Asia and Spain, Hand in Hand
Text: Rodrigo García Fernández /©ICEX
Translation: Jenny McDonald /©ICEX
Image: Spanish chef Alberto Chicote
Happiness. This is what Alberto Chicote seeks in his cuisine. "I want my customers to be happy, to leave the restaurant feeling contented". Without artifice or unnecessary complications. This Madrid-born chef, born in 1968, made his name at the NoDo restaurant first, then at Pan de Lujo, both of them in the Spanish capital. And it is there that he exercises his creativity in crossover Oriental-Mediterranean cuisine.
Alberto studied at the Casa de Campo Hospitality School in Madrid and learnt his trade from Luis Irízar at the Hotel Alcalá and from Toñi Vicente at her first restaurant, Sibaris, in Vigo (Galicia). He worked in Switzerland for two years and on his return to Madrid, he was taken on in two leading kitchens, La Taberna de Liria and El Cenador de Salvador.
With the change of the century, he accepted an offer from entrepreneur Benjamin Calles to work on crossover cuisine between Oriental (mostly Japanese) and Mediterranean styles, and participated in the opening of NoDo. After their success with the Madrid public, this manager-chef team set up Pan de Lujo, their second culinary establishment in the city.
Apart from top-quality ingredients, this chef stresses two important aspects: the degree of cooking, and salt. He is also interested in the harmony between the dish and what goes with it. He always remembers the advice given him by his teacher Salvador Gallego: "Sacrifice your stomach before your pride". That is, taste, taste and taste again. Not a single ingredient or part of a dish can be allowed to turn out any less than perfect, so a constant watch must be kept over all sauces and garnishes.

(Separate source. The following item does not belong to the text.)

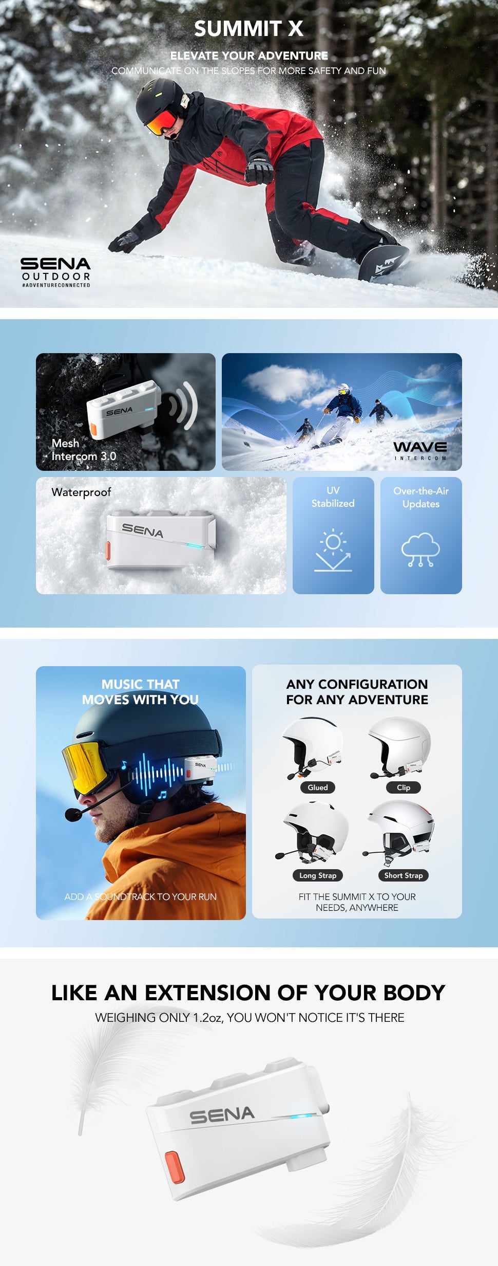 Built for snow-covered slopes, SUMMIT X brings seamless connectivity to your outdoor experience. Whether you're skiing, snowboarding, or sledding, enjoy hands-free communication without limits. With versatile mounting options and superior intercom range, SUMMIT X is ready for every kind of outdoor activity.

In March 2012, Alberto Chicote announced that he was venturing out on his own to get involved in new professional projects without Benjamin Calles, his business partner for many years. Chicote started in 2012 to be a TV star chef thanks his appareance in Spanish version of TV show Kitchen Nightmares. And in 2014 he opened a new restaruant in Madrid, called Yakitoro. Though the menu is inspired by traditional Japanese yakitori (brochettes), cooked on grills in-view of customers, this Madrid restaurant takes traditional Spanish culinary concepts like patatas bravas and cocido madrileño and, essentially, grills them on a stick.